As the world swoons over Heidi the cross-eyed possum - that international darling of the Internet; the only marsupial with 150,000 Facebook friends and at least two theme songs on YouTube - critter-lovers back in her home state of North Carolina look on with horror.
Cross-eyed, my eye.
That possum is so fat her eyeballs are bulging out of their sockets, and she wasn't that way when we sent her across the drink.
Whatever they're feeding Heidi at the Leipzig Zoo, in the heart of the German state of Saxony, it's time to consider salads. Grass. Grubs. Earwigs.
And stop taking her picture! She might have thumbs on her hind feet, but she's not a circus freak.
"She's making the news because everyone thinks she looks cute," said Kindra Mammone, executive director of CLAWS, an exotic-animal shelter outside Chapel Hill. "But it's unhealthy.
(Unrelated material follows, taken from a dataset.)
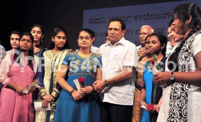 Photo Caption : Education Minister Kimmane Ratnakar and General Secretary of Dayananda Sagar Education Institutions Gaali Swamy and Principals of PU Colleges are seen Congratulating Students who topped in PU exams, organized by Dayanand Sagar City PU College principals association at Dayananda Sagar Engineering college, in Bengaluru on Monday 7th September 2015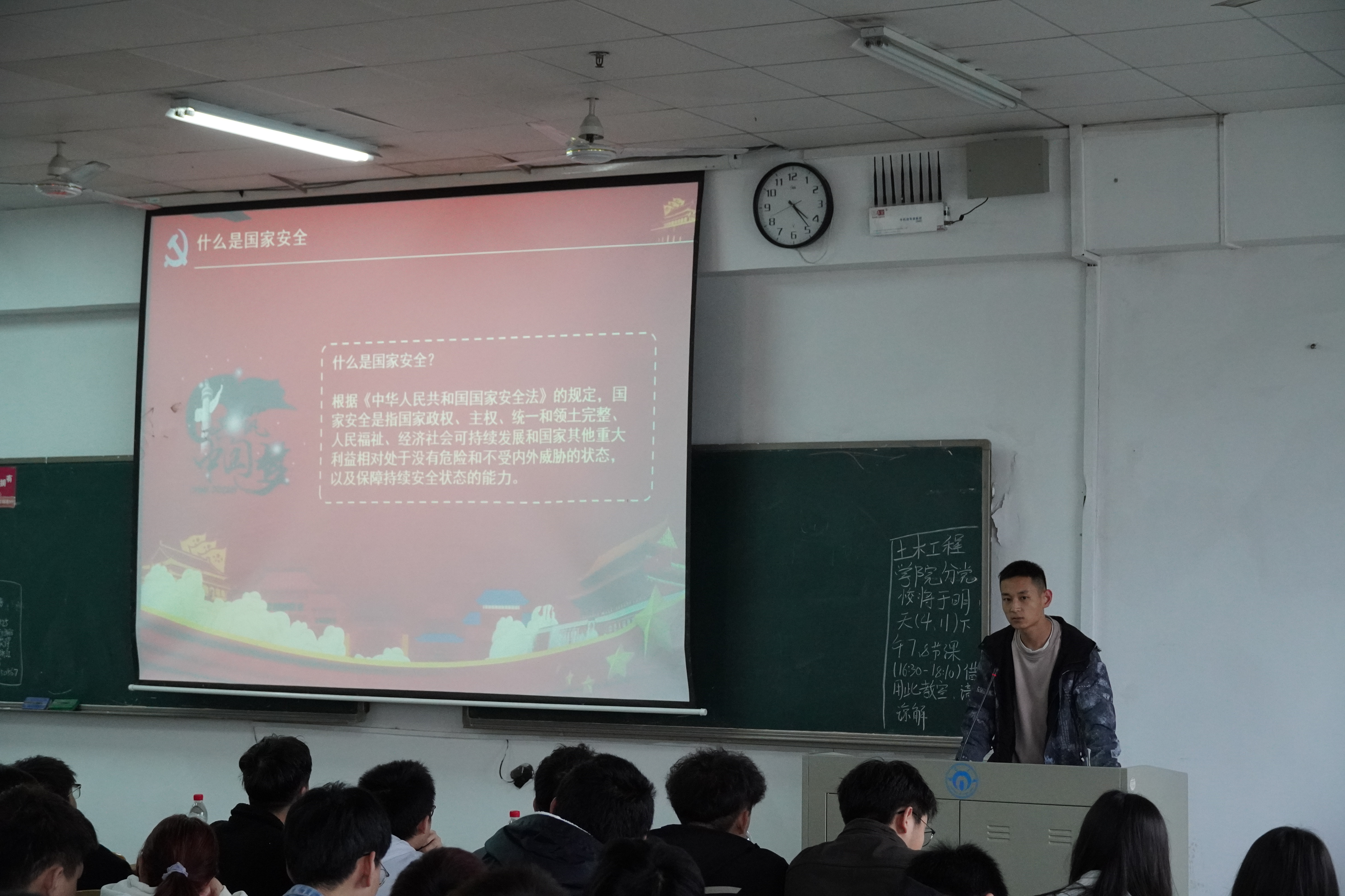 活动伊始,两位班长强调了国家安全的重要性并列举了相关案例来详细讲述,给同学们普及国家安全相关知识,其中,着重强调了“国家利益,高于一切,保密责任,重于泰山”。同时,通过四个与国家安全相关的视频,让同学们了解到了我国国家安全现状以及应对间谍行为的相关措施。最后,同学们共同学习了《中华人民共和国反间谍法》和《中华人民共和国刑法》等法律法规,明确了危害国家安全的行为及相关罪名。

That's an unhealthy possum that's making the news."
Much like Paul the octopus, the German cephalopod who accurately predicted World Cup winners last summer until dying of natural mollusk causes, Heidi has grown into a four-legged heavyweight. Thanks to German news reports featuring Heidi with eyes akimbo, she soon won her own tribute page on Facebook, more than doubling fans drawn by the German chancellor.
"Das ist die Laune der Natur, finde aber Heidi echt süss," wrote one possum-liker, which translates roughly as, "This is the freak of nature, but I find her really sweet."
On the Leipzig website, which prominently features Heidi and her goonish grin, it is simply explained that she and two siblings "came from North Carolina (USA), where they were found as orphans and raised in a wild animal sanctuary."
The zoo also acknowledges Heidi's weight problem, which people there speculate could be the result of her American diet, and they promise to promptly correct with a high-fiber, low-energy regimen.
But if she's the possum North Carolina thinks she is, Heidi developed her fat-pressured eyeballs on the other side of the pond.
You already know about the critter with the oh-so-precious defect. This is the rest of the story.
Three years ago, the N.C. Zoo received nine opossums from several different sources - all of them connected with road-kills - and raised them by hand inside its wildlife rehab center. One year later, they were shipped by air to the zoo in Copenhagen, Denmark - free of any abnormality, ocular or otherwise.
"They wanted them," zoo spokesman Rod Hackney said. "In Copenhagen, this is an exotic species."
The N.C. Zoo has no idea what happened to them next. But according to the Copenhagen Zoo, seven of the nine world-traveling possums are still alive. Heidi and two others got transferred to nearby Odense, and then to Leipzig, but no one along her path wants to take credit for the weight gain.
But apparently, captive possums tend to grow roly-poly, and their eyes go askew. Possums are omnivores, but wilderness cuisine is more slimming. If a possum eats an egg in the wild, it's a bluebird egg, not a scrambled egg cooked in butter.
"I had a pet possum for the past two years that was cross-eyed from fat deposits," said Rob Vivian of Central Carolina Wildlife Rescue, serving Orange and Chatham counties. "When I saw the news, I said ... 'I should have put Opie on Facebook.' "
The cruelest irony is that once a possum goes round in the belly, it's next-to-impossible to get the weight back off, and the crooked eyes are always the last consequence of obesity to linger. Mammone points out that Heidi is roughly 2-1/2 years old, more than halfway through the average possum lifespan.
Human beings are sometimes injected with Botox to correct strabismus, the clinical term for improperly aligned eyeballs. But if I were Heidi, fat and half a world from home, I'd ask for a jug of moonshine, the twang of a banjo and the solitude of a forest.